Roast Your Own Pumpkin Seeds

Roast Your Own Pumpkin Seeds

One of my favorite memories of fall is scooping out the insides of pumpkins, cleaning the seeds, roasting them and enjoying the salty, crunchy treat. While we don’t often do this anymore, I started wondering why.

Pumpkin seeds are one of those healthy treats that fill you up quickly.

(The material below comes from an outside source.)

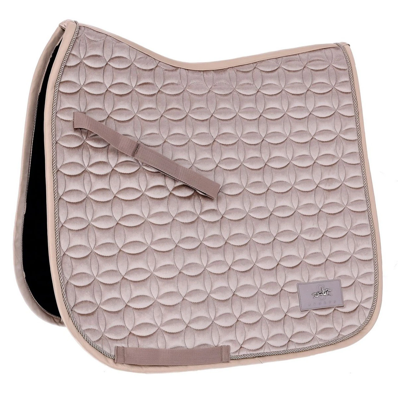 Schockemöhle Velvet Balance Dressage Pad is simply enchanting in velvet with sophisticated modern quilting that elevates durability as well as style. The saddle pad has shock absorbing padding for protection and a quieter ride. Dusty Pink, Dark Navy, and Cardamom colors are part of the Schockemöhle Spring 2025 seasonal collection.

You can use the rest of the pumpkin for other recipes from scratch as well, or simply carve out the pumpkin and turn it into a fun jack-o-lantern to grace your porch.

If you’ve been looking for a new fall tradition to start with your family, give this one a try.

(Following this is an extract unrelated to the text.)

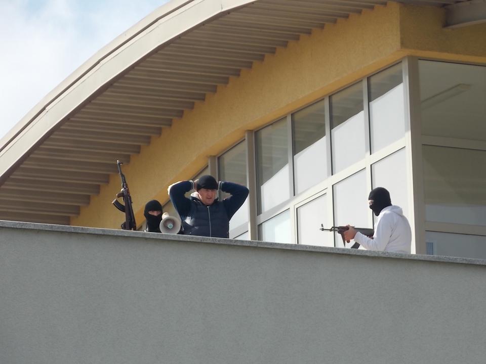 Doua persoane ostile au rapit un barbat si s-au refugiat apoi pe terasa unuia din complexele expozitionale, unde, sub amenintarea ca il vor omora pe civil au cerut o serie de revendicari.

Roast Your Own Pumpkin Seeds
Author: Crabby Housewife
  • 1 large ripe pumpkin
  • Knife to cut top off
  • Large spoon to scoop inside out
  • Colander
  • Olive oil
  • Salt
  • Water
  • Sheet of parchment paper
  1. Preheat oven to 400 degrees Fahrenheit
  2. Cut the top off the pumpkin, where the stem is.
  3. Scoop out insides with a big spoon. Metal seems to work best.
  4. Place the guts inside a colander and run water over it until the seeds are free of the pulp. I find that a mesh strainer works best for this.
  5. Set a pot of water to boil on the stove with about four cups of water. *Note below
  6. Add 2-3 Tablespoons of salt.
  7. Bring to a boil and then reduce to a simmer for about 8-10 minutes.
  8. Drain the water from the seeds
  9. Toss the seeds in about 1 Tablespoon of olive oil (can sub Canola, which I think tastes better).
  10. Place parchment paper on a large baking sheet and spread the seeds out in a single layer.
  11. Salt the seeds and place on upper rack.
  12. Bake for about 8-10 minutes or until seeds turn a golden brown.
  13. Allow to cool completely.
Recipe Notes

*If you have more than about a cup of pumpkin seeds, you'll want to use more water and salt when boiling and more salt when roasting.